In our previous study, a CAD system was developed for diagnosis of unilateral maxillary sinusitis on panoramic images [5]. Inflamed lesions in the unilateral maxillary sinuses can be detected by comparing the opacities of the left and right sinuses using a subtraction technique. With the assistance of this CAD system, the diagnostic performance of inexperienced observers using panoramic images was improved to resemble that of experienced observers. However, experienced observers showed high performance even without the CAD system, and their performance was not improved by use of the CAD system. Although the present results cannot be directly compared with those of the CAD system, experienced radiologists in both studies showed similarly high performances equivalent to that of the AI system in the present study. The CAD system was solely used to assist observers in rendering interpretations, whereas the AI system can classify sinus diseases by itself and appears to be a possible tool for automated diagnosis because of its high diagnostic performance.

During diagnosis of maxillary sinus diseases on panoramic images, radiologists often pay attention to sinus appearance changes, such as morphology and density, and simultaneously compare them with those of the contralateral sinus. According to these considerations and our previous study on the CAD system, it may be preferable that the image patches are cropped from the ROIs to include the bilateral sinuses in cases of unilateral sinusitis. In clinics, however, there are patients with bilateral sinus diseases or bilateral healthy sinuses. Moreover, the diagnostic process using AI may differ from that by human radiologists. In addition, image reversion was used during the data augmentation process, indicating that the left and right sides of the image patches were treated in the same manner. Therefore, the learning model in the present study was created for single sinuses and the results showed sufficiently high diagnostic performance. However, additional verification with ROIs including both sinuses may be necessary for more advanced results.

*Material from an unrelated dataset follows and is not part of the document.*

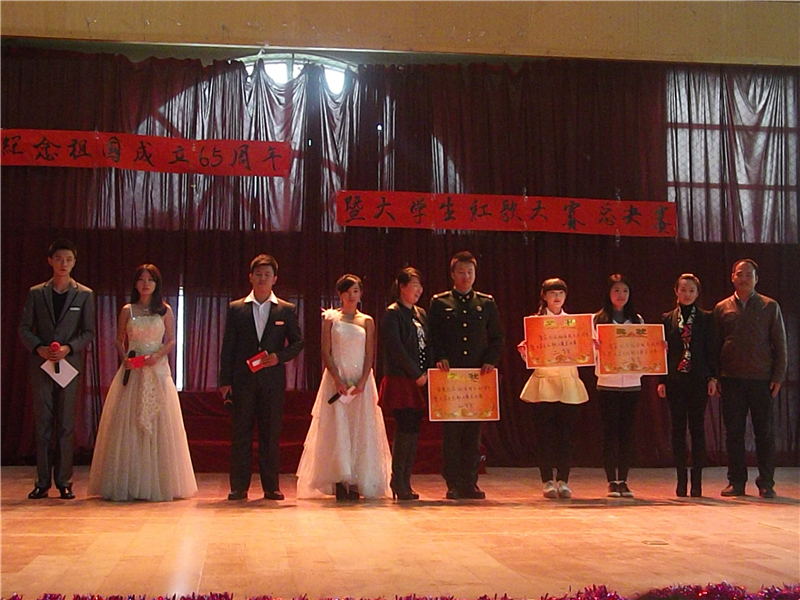 为纪念国庆65周年,讴歌中华民族实现伟大复兴的奋斗历程,颂扬中国共产党的丰功伟绩,激发广大师生爱国、爱党、爱校的热情,增强班级凝聚力,以班风促校风,弘扬四个文明和社会主义主流价值观,我院团委举办了“纪念祖国成立65周年暨大学生红歌大赛”。在2014年10月28日综合馆三楼举办纪念祖国成立65周年暨大学生红歌大赛总决赛。本次大赛的评委老师有:团委书记成名、学生处处长助理吕运福、基础部主任张淑萍、党办主任聂俭丽、网络中心主任薛飞、就业指导中心徐素清、教务处耿炎龙、声乐舞蹈老师王珍妮。各系经过周密部署和层层选拔,八支队伍进入总决赛,经过激烈角逐和评委们公开公正的评分,在阵阵掌声与歌声中总决赛落下帷幕。这不仅是一次红歌的比拼,更是班级凝聚力和校园文化的升华。

The present study can be assigned as part of a body of research aiming to develop a completely automated system for diagnosis on panoramic images. Many issues need to be resolved to accomplish this purpose. Although the image patches were created semi-automatically using commercially available software in the present study, development of a fully automated image segmentation procedure is a significant task required to reach the final goal. Further research should be promoted with the aim of clinical application, by increasing training datasets to include images obtained from different panoramic units in other facilities and creating more accurate deep-learning models.